# new truck



## Finn (Dec 18, 2011)

http://www.abcautosalesco.com/2009_Chevrolet_Silverado 1500_Lakewood_CO_157177839.veh

Folks
This is my new truck. Check out the ladder racks and utility boc.


----------



## dubinpainting (Feb 16, 2010)

nice I have a silverado to I love it! I also have a cap on the back similar to the one in the picture! Its hard to access and a pain to keep organized but good call with the silverado!


----------



## Delta Painting (Apr 27, 2010)

Very nice...


----------



## RH (Sep 7, 2010)

Great looking rig Brian! Congrats! I hear Steve's pissed because he wanted that one too. :whistling2:


----------



## Finn (Dec 18, 2011)

Yep lowes came up trumps. I have some of ut in already. Just as you said put the shelves upsidedown. The silverado has a pull out bed so access should be easy. Most of my gear is going into my new 7x 12 cargo mate. The timber on the ladder rack is for the custom shelf for my festool gear. Its coming together. Lets see some more pics so i can get more ideas. Cheers


----------



## Finn (Dec 18, 2011)

researchhound said:


> Great looking rig Brian! Congrats! I hear Steve's pissed because he wanted that one too. :whistling2:


He he


----------



## Schmidt & Co. (Nov 6, 2008)

You want ideas for the trailer? Check out this thread at CT. http://www.contractortalk.com/f40/job-site-trailers-show-off-your-set-ups-48819/


----------



## Damon T (Nov 22, 2008)

That was a great thread, thanks! I spent a lot of time checking out the trailers. Man I'm really hopeless, spending my free time on PaintTalk and checking out other guys' trailers!


----------



## Schmidt & Co. (Nov 6, 2008)

Damon T said:


> That was a great thread, thanks! I spent a lot of time checking out the trailers. Man I'm really hopeless, spending my free time on PaintTalk and checking out other guys' trailers!
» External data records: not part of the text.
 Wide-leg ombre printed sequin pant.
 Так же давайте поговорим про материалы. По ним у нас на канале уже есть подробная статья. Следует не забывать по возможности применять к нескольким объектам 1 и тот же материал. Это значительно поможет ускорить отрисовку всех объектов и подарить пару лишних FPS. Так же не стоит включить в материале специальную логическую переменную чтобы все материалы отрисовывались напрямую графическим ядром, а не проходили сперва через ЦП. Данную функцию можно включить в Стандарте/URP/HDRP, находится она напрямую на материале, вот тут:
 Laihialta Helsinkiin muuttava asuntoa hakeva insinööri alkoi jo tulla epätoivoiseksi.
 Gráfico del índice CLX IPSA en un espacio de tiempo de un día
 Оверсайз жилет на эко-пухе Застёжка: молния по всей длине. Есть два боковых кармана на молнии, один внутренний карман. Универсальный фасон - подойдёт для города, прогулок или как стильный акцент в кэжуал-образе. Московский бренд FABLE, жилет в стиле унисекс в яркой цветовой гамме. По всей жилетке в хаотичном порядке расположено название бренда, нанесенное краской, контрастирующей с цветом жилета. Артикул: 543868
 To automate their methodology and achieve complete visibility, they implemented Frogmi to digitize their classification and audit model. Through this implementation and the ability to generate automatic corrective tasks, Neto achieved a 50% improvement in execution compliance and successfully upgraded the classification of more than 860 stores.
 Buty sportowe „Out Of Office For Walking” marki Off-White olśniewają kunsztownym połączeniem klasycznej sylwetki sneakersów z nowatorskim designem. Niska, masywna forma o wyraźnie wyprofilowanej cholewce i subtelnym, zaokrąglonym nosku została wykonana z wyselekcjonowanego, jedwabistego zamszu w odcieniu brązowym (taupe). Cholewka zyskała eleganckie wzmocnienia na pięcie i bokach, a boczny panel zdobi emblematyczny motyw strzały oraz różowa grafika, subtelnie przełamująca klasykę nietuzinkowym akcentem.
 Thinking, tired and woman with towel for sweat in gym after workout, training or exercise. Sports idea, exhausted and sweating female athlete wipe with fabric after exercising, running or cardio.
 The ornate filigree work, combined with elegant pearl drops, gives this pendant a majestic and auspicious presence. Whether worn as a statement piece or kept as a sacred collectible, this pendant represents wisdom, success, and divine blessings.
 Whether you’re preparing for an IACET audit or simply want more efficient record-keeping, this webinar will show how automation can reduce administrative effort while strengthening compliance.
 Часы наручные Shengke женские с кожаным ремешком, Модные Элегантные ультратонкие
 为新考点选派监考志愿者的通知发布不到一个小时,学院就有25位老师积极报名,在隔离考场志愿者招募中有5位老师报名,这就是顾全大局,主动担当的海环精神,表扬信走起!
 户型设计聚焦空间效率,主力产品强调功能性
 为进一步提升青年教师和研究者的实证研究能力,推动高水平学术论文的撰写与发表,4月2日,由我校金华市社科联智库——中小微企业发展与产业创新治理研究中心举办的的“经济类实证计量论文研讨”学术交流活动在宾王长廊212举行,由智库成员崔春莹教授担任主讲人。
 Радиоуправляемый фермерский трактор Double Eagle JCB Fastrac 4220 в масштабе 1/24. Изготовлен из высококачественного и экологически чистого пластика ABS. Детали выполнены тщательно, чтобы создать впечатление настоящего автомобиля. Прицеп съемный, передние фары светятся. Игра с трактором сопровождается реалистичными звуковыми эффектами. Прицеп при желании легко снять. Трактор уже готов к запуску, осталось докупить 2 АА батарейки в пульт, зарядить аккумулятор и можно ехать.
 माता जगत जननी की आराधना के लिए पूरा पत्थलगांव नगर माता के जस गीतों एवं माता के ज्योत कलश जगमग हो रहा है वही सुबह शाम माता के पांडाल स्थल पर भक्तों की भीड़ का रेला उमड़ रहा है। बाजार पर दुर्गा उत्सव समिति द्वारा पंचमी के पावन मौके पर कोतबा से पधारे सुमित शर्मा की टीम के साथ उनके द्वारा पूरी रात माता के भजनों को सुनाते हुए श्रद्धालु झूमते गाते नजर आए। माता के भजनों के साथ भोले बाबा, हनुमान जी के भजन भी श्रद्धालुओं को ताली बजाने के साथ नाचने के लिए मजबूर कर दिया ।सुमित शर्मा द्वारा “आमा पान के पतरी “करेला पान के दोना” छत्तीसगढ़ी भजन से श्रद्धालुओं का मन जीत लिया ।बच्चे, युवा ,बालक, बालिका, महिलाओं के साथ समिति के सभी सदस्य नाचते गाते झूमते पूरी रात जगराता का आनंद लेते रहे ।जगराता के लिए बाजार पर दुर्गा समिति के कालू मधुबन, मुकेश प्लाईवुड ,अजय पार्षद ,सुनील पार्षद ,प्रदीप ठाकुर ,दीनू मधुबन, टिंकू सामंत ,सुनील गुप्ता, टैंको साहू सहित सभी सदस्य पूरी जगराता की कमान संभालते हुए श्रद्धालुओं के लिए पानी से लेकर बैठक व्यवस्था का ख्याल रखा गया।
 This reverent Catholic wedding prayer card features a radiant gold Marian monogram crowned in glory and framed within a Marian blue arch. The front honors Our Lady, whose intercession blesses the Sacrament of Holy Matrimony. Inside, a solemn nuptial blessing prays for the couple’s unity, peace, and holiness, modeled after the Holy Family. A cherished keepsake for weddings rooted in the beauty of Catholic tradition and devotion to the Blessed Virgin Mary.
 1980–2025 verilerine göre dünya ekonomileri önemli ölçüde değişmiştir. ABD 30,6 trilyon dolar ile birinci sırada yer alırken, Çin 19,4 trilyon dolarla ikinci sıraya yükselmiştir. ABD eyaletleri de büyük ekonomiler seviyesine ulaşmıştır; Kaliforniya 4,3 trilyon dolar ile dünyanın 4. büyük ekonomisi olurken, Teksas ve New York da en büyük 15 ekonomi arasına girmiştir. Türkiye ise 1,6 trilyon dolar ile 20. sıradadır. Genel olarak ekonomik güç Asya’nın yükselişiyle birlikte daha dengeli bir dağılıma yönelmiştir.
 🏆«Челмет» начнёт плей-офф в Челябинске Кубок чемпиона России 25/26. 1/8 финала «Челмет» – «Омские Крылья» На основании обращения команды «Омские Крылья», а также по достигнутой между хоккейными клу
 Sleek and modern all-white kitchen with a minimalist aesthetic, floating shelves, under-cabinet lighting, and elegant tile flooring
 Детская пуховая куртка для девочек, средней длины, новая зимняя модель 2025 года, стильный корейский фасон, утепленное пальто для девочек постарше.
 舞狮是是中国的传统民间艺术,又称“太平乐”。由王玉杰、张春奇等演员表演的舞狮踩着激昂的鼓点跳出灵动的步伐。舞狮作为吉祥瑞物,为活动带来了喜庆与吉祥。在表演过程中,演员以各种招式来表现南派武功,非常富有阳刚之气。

Yep. I get lost in that thread for hours on end every so often. :whistling2::yes:


----------



## Finn (Dec 18, 2011)

Rig and my trailer. Just the shelving in the trailer to finish now


----------



## benthepainter (Jun 17, 2011)

Finn said:


> Rig and my trailer. Just the shelving in the trailer to finish now












Nice setup


----------



## ewingpainting.net (Jun 2, 2008)

sweet ride


----------



## mudbone (Dec 26, 2011)

Looks Finn-tastic!


----------



## South-FL-Painter (Jan 17, 2012)

I wish I could have a pick-up and trailer set-up.here in miami its imposible...


----------



## Finn (Dec 18, 2011)

Sharp_Painting said:


> I wish I could have a pick-up and trailer set-up.here in miami its imposible...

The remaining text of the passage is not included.